Fermentations inoculated from existing active ferments can also yield very rapid and hot starts. The yeast are well adapted to the conditions of the juice and are metabolically at their peak of activity. Dilution into a new juice will not necessarily lead to a lag phase and populations will rebuild quickly and fermentations start rapidly. Again, temperature control can be used to reduce the rate of these fermentations and to retain volatiles.

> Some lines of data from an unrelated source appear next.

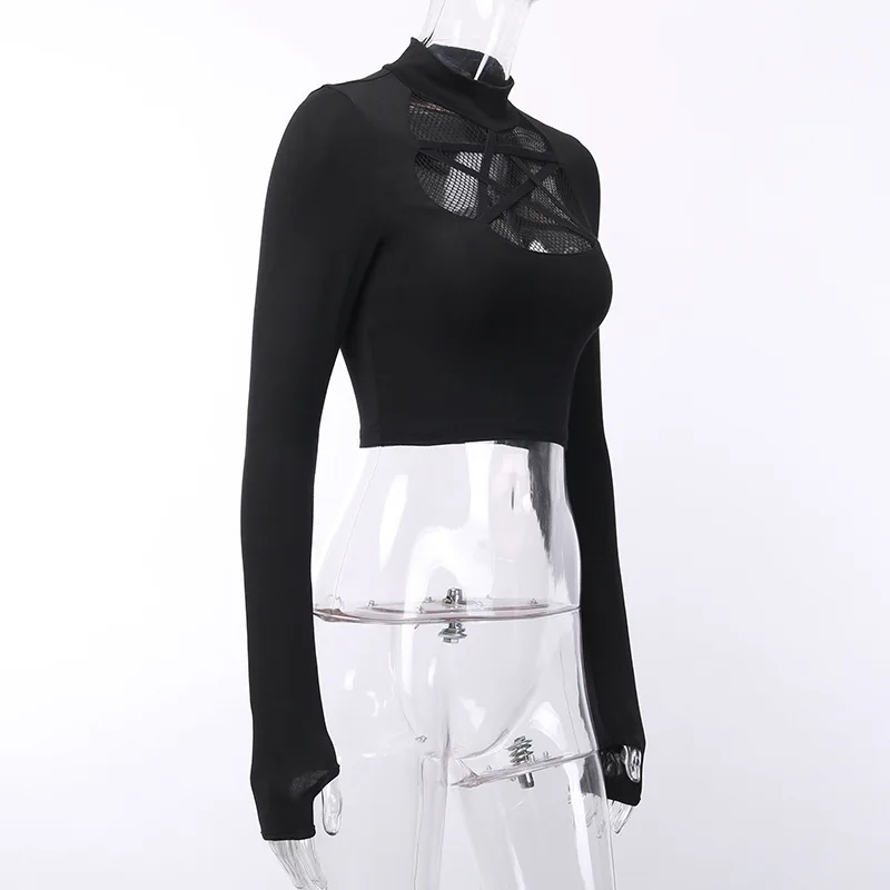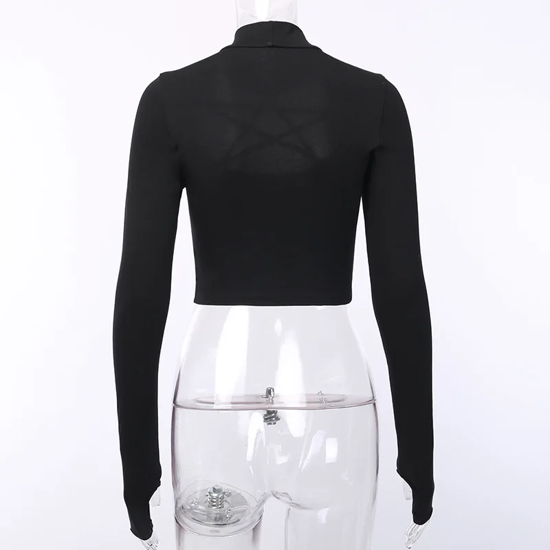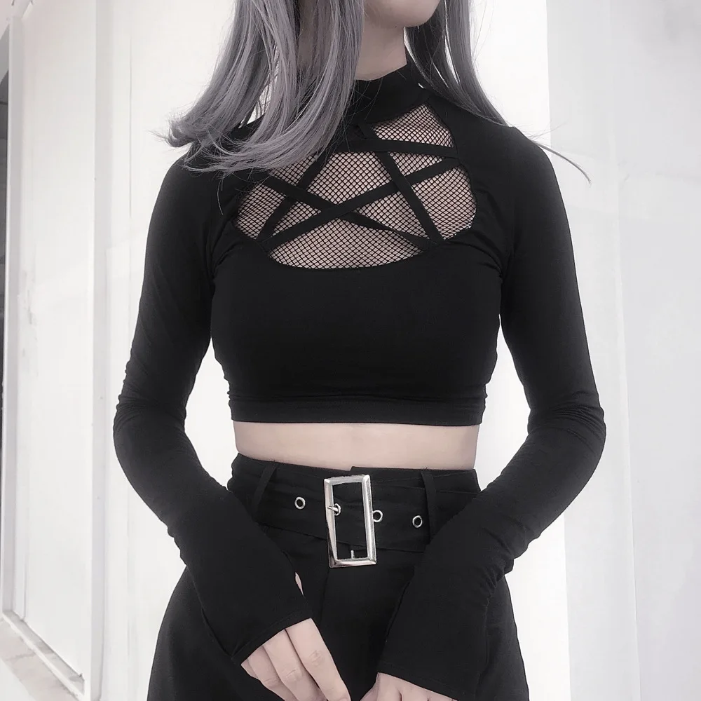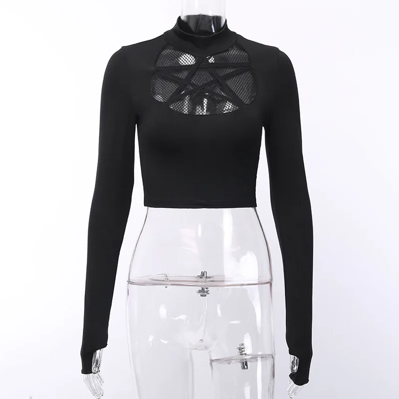 Женский укороченный Топ с длинным рукавом, черный облегающий топ в готическом стиле с вырезами и пентаграммой, уличная мода на осень
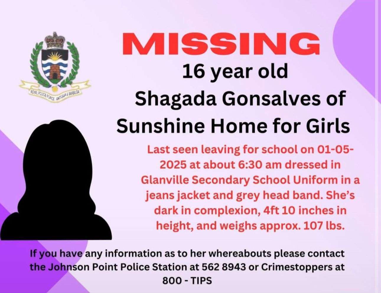 Authorities are seeking the public’s assistance in locating 16-Year-Old Shagada Gonsalves who has been reported missing after she left for school early Thursday morning.
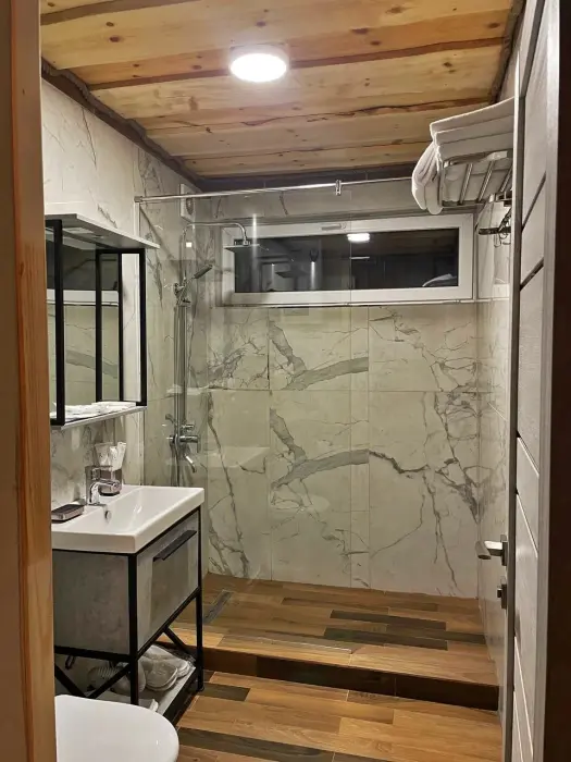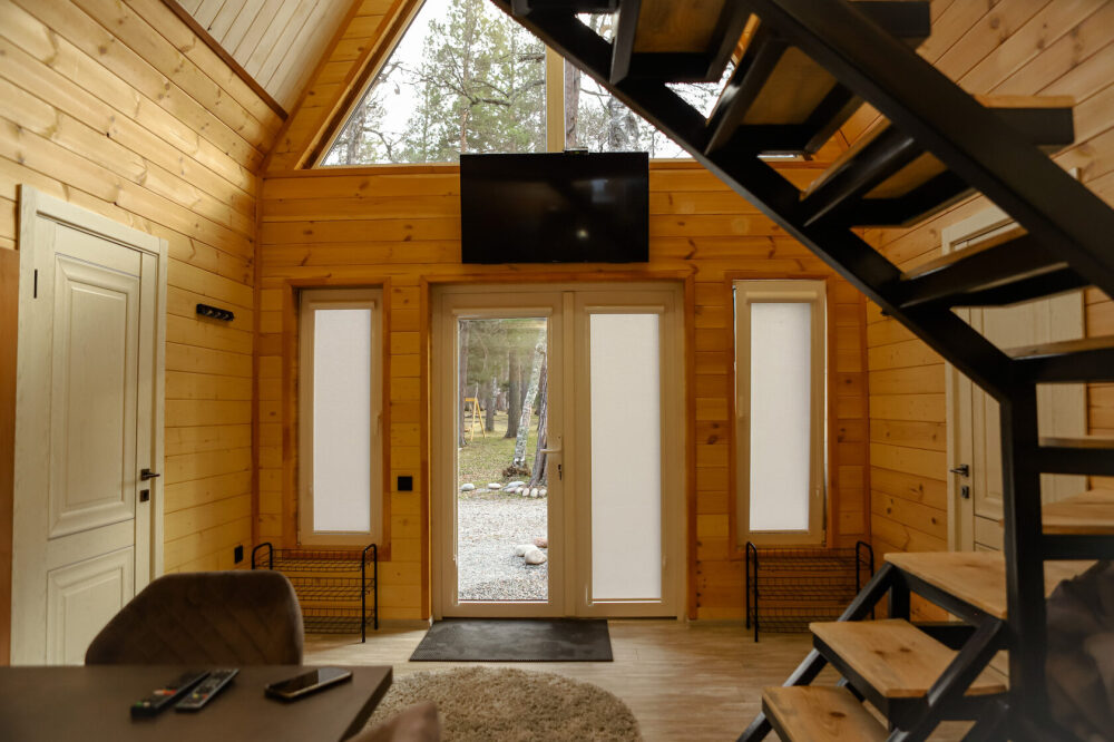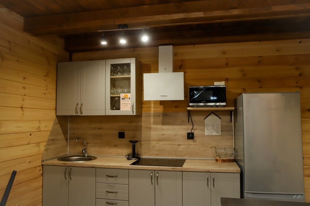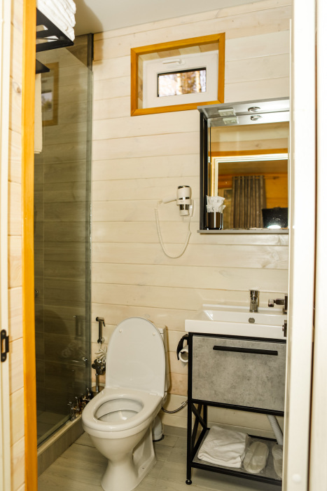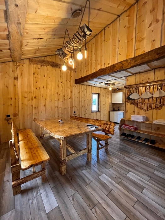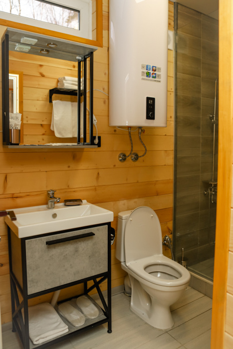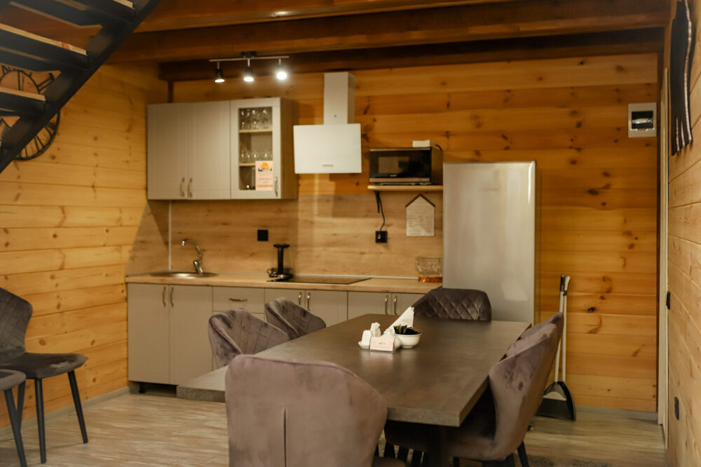 Внутри: Стандартная кровать с ортопедическим матрасом; Вся необходимая посуда, горный чай, конфеты; 50-дюймовые телевизоры со Smart-TV; Ванная косметика premium-сегмента Grass; Теплый пол с возможностью регуляции в каждой комнате. Утюг, сушилка (по запросу).
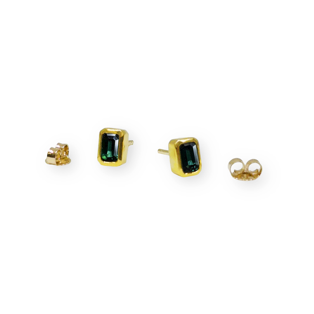 18k yellow gold stud earrings with 22k bezels set with rectangular tourmaline gemstones.
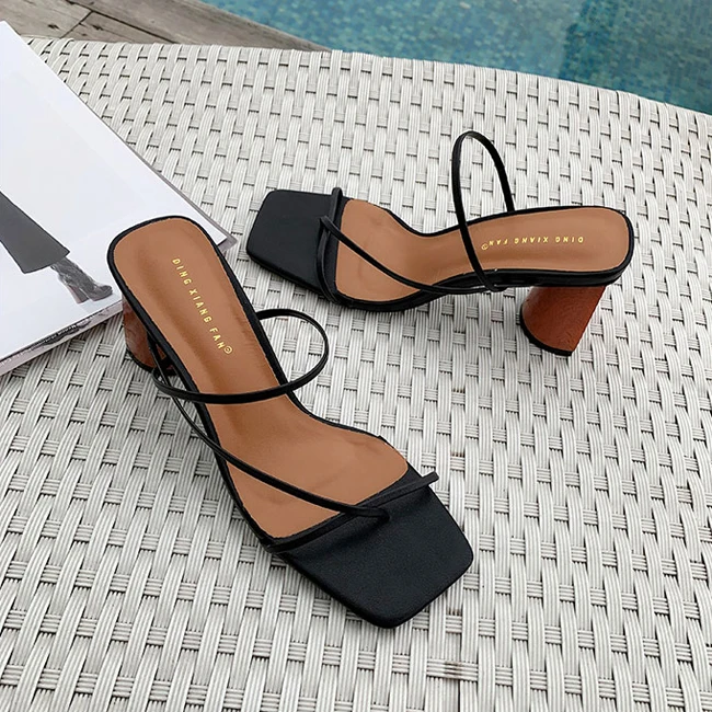 Женские босоножки на высоком каблуке, винтажные сандалии с квадратным носком и узкими ремешками, обувь на лето, 2020
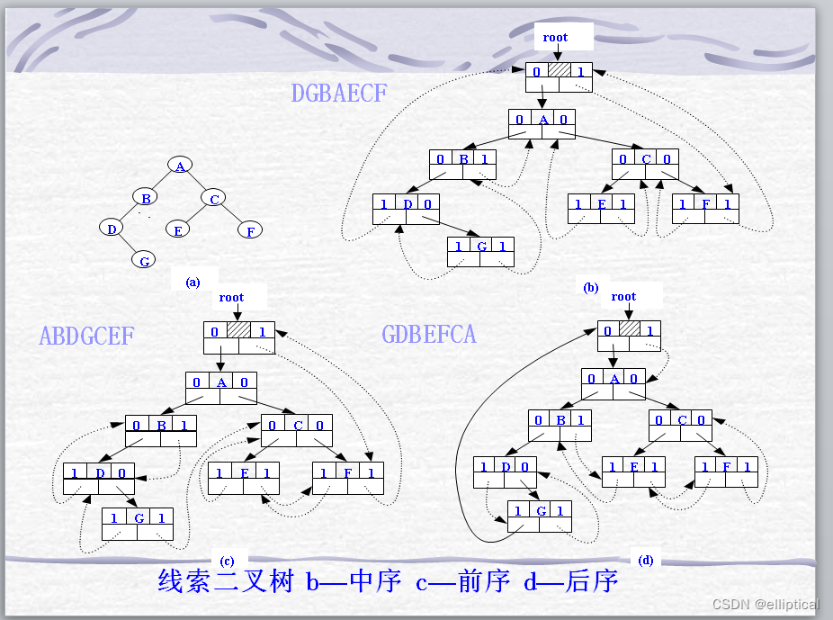 线索二叉树是另一种分步遍历二叉树的方法。它既可以从前向后分步遍历二叉树,又可以从后向前分步遍历二叉树。

5. What was the inoculation level?
Solution: high inoculation levels can also lead to more rapid initial fermentation rates and heat generation in the tank. Growth rates are rapid because no inhibitory ethanol conditions exist in the tank. Nutrients go further because a larger percentage of the population was fed prior to inoculation. High inoculation levels can result from inaccurate starter culture dosing of the tank. Frequently excessive dosing is due to misreading of the packet instructions, rehydrating an entire packet then deciding to use it rather than waste it, or multiple inoculations of the same tank due to poor record-keeping. Tanks inoculated with 108 to 109cells/mL often show rapid starts but yield off-odors and have difficulty completing fermentation. If too high of an inoculation has occurred it would be best to dilute the population either by blending with incoming juices of the same varietal or settling, centrifuging or filtering to remove cells from juice. Use of antimicrobial compounds or heating to kill a significant proportion of the population is not recommended as this may lead to subsequent problems with progression of the fermentation.
6. What is the solids level?
Solution: as shown in the graph the higher the solids level the faster the rate of white juice fermentations. Depending upon cold settling processes and use of enzymatic treatments, centrifugation, flotation or filtration to reduce solids, solids levels generally vary from 2 to 5%. In this sample fermentation the very low solids level (following sterile filtration of the must) arrested fermentation while the high solids level (6.25%) was very rapid. If a white fermentation displays a rapid rate the solids level should be checked. Once fermentation has started it will be difficult to remove the excess solids as yeast will be removed at the same time. Temperature could be reduced to lower fermentation rate. Solids contain esterases and therefore can reduce wine volatiles.